Search
Close this search box.

Patricia Flaherty Pagan

Writer of karma fiction in which bad things happen to bad people

Logical Fantasy

How do you know when you are writing fiction with fantastic elements vs. genuine fantasy fiction? Currently, I am writing a short story about two very different young girls and their interactions with a mysterious and decidedly grumpy púca (or pooka) that they discover living in a deserted New England playground. I plucked and mined the idea from the scribbles in my “story ideas” notebook because a colleague seeks submissions from local authors for a fantasy anthology.

Obviously, it is highly unlikely that two young girls would run into a Celtic fairy turned hobgoblin in the fashion that I describe. Overgrown, unattended old playgrounds in Massachusetts, however eerie, are generally not homes to shape shifting spirits who may, or may not, be malevolent. The plot of this tale takes off from a fantastic starting point and follows the logic that magic is possible throughout. So it’s a fantasy story, right? Yes. But only if it’s internally consistent.

The Encyclopedia of Fantasy, edited by John Clute and John Granta, defines a fantasy fiction as a “self-coherent narrative which, when set in our Reality, tells a story which is impossible in the world as we perceive it…[or] when set in an Otherworld or Secondary World, that otherworld will be impossible, but stories set there will be possible in the otherworld’s terms.
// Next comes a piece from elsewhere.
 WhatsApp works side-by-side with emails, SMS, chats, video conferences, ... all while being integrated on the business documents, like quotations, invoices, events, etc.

An associated point, hinted at here, is that at the core of fantasy is Story. Even the most surrealist of fantasies tells a tale.”
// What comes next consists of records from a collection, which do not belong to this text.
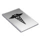 Insigne ou symbole Médicale le Caduceus, la baguette magique du dieu grec Hermes (Mercure), le dieu du commerce, de l'éloquence, de l'invention, du voyage et du vol, et ainsi était un symbole d'hérauts et du commerce, pas de la médecine. Malgré cela, ce symbole a été adopté par beaucoup dans le domaine de la médecine. Une tige courte entrelacée par deux serpents et surmontée d'une paire d'ailes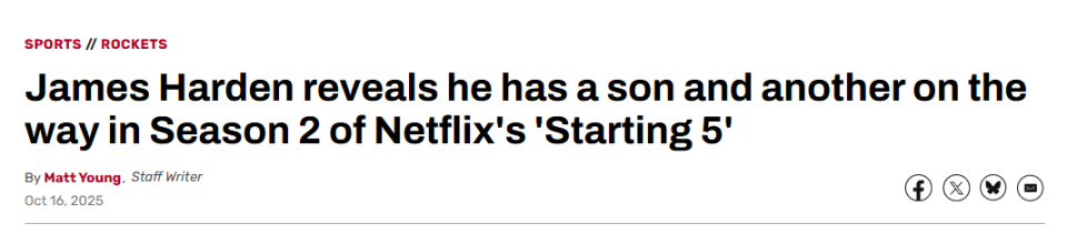 “你知道,哈登非常注重隐私,”哈登的经纪人特洛伊-佩恩说。“人们会说,‘什么?’他们会感到震惊,但没错,他是个父亲。”“哈登一直都在他儿子身边,他一直都是一个非常好的父亲。”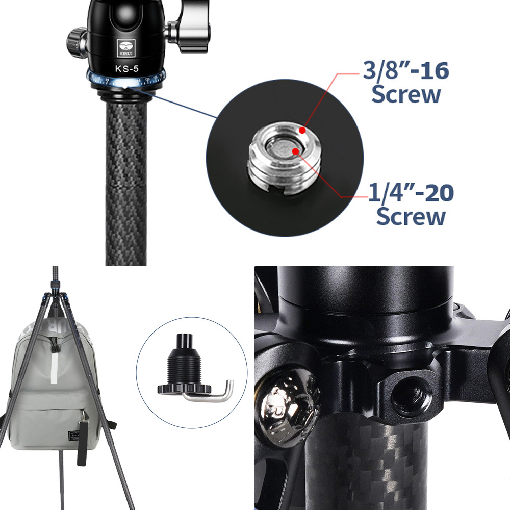 ローアングルやマクロ撮影に便利なリバーシブルセンターポールを採用。高さ調節可能なほか、上部をまわして外し、地上撮影用に短いポールを独立して使用することができます。

A key element of that definition is that impossible events seem possible in the context of the impossible character or fully realized other world’s rules. Even seeming chaos has repeated ideas and twists. Alice’s Wonderland seemed surreal but its reality had its own strange reasoning. Which brings me back to my púca story. To ensure that my narrative is “self-coherent,” I suddenly find myself looking out the window at white flowers asking myself:

-How well do the púca smell?

-Does turning into a horse help or hinder you in 2014 America?

-Do hobgoblins sleep?

-How or why would one, over time, grow weary of shape shifting?

-If you gave a sweaty hobgoblin your dad’s Old Spice deodorant would he eat it, wear it, or throw it at you?

Think of a bizarre, fantastic character that you have written or read about in fiction. I bet that the small, consistent details made you feel that you knew him/her/it better and made him/her/it seem a teeny, tiny bit more possible.